Integrative omics studies
Integrative genome-wide analyses of atherosclerosis are emerging. One recent example is integration of the epigenome with the transcriptome of purified blood monocytes.45 Expression of the epigenetic modifier, AT-rich interactive domain-containing protein 5 (which demethylates dimethylated H3K9), promotes chronic inflammation and atherosclerosis. These events are inversely correlated with DNA methylation of the AIRD5B enhancer and provide a novel pathway by which inflammation is dysregulated during atherosclerosis. Another study has integrated GWAS loci, epigenomic data, and transcriptomic profiles of human coronary artery smooth muscle cells to reveal new links between coronary artery disease SNPs, open chromatin, acetylated H3K27 (a marker of active enhancers), and gene expression.46 This has revealed new regulatory loci and the basis for defining the link between risk and epigenetic mechanisms of gene regulation relevant to atherosclerosis.
The fascinating observation that allele-specific DNA methylation may be disrupted by SNPs indicates that in specific contexts, epigenetic changes may be dependent on genetic variation.12 In atherosclerosis, methylated DNA in and around SNPs indicates a link with disease susceptibility and provides the potential for these DNA methylated sites to serve as novel disease biomarkers.47
Type 2 diabetes
Molecular and clinical features
T2DM is characterized by hyperglycemia and occurs due to defective insulin secretion and increased resistance to insulin by dysfunctional β cells in the islets of Langerhans of the pancreas.48 Islets maintain glucose homeostasis by detecting and secreting insulin in response to changes in the concentration of blood glucose and by regulating multiple pathways including insulin and glucagon secretion. Other key processes include absorption of sugar from the intestine, the synthesis of glucose by the liver, and glucose uptake by adipose, muscle, and other tissues. The insufficient metabolism of glucose and low-level chronic inflammation of adipose tissue are associated with aging and are central to T2DM pathophysiology. Fascinating evidence suggests that obesity both activates T2DM-associated inflammation and induces a phenotypic switch in adipose tissue macrophages resulting in a failure of inflammation to resolve and the development of obesity-associated insulin resistance.49 T2DM is also characterized by life-threatening complications, which can reduce life expectancy, particularly cardiovascular disease.50,51
Epigenetics of T2DM
Considerable research has been performed on the genetic etiology and pathogenesis of T2DM.51 GWAS studies have identified hundreds of T2DM-specific SNPs that increase the probability of developing the disease and that are associated with T2DM-related levels of insulin, proinsulin, and glucose. However, these variants have modest odds ratios and explain only a minor proportion of disease heritability.52 Efforts to identify less common SNPs by the GOT2D and T2D-GENES consortia have concluded that low-frequency variants do not have a significant role in conferring disease risk.

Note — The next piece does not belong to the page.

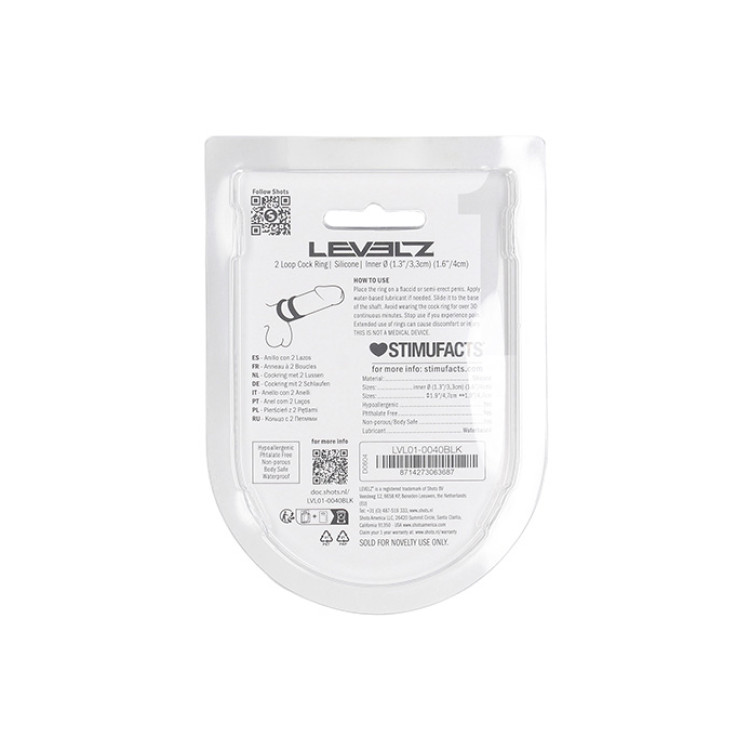 Levelz Double Loop Penisring Sort er en fleksibel penisring designet for deg som ønsker mer kontroll, bedre stabilitet og økt intensitet. Den doble penisringen gir ekstra grep rundt skaftet og pungen.

Many environmental and lifestyle risk factors such as diet, lack of physical activity, smoking, stress, BMI, waist circumference as well as aging have been identified for T2DM and are shared by cardiovascular disease and obesity.51 Both maternal malnutrition and overnutrition have been associated with altered epigenetic modifications and increase susceptibility to the development of T2D in offspring53.
Significant advances in understanding T2DM pathophysiology have been achieved by investigating the role of epigenetic changes in regulating candidate genes and signaling pathways.54 Among the challenges in analyzing the T2DM epigenome is obtaining sufficient numbers of purified homogeneous cells to identify cell type–specific epigenetic changes. This is one reason why pancreatic islets have been intensively studied even though these are composed of heterogeneous cell types.54–57 Single-cell epigenome analyses, especially of constituent islet cell populations, are emerging, but current challenges include donor variability in the proportion of islet subpopulations and the isolation and analysis of rarer islet cell types.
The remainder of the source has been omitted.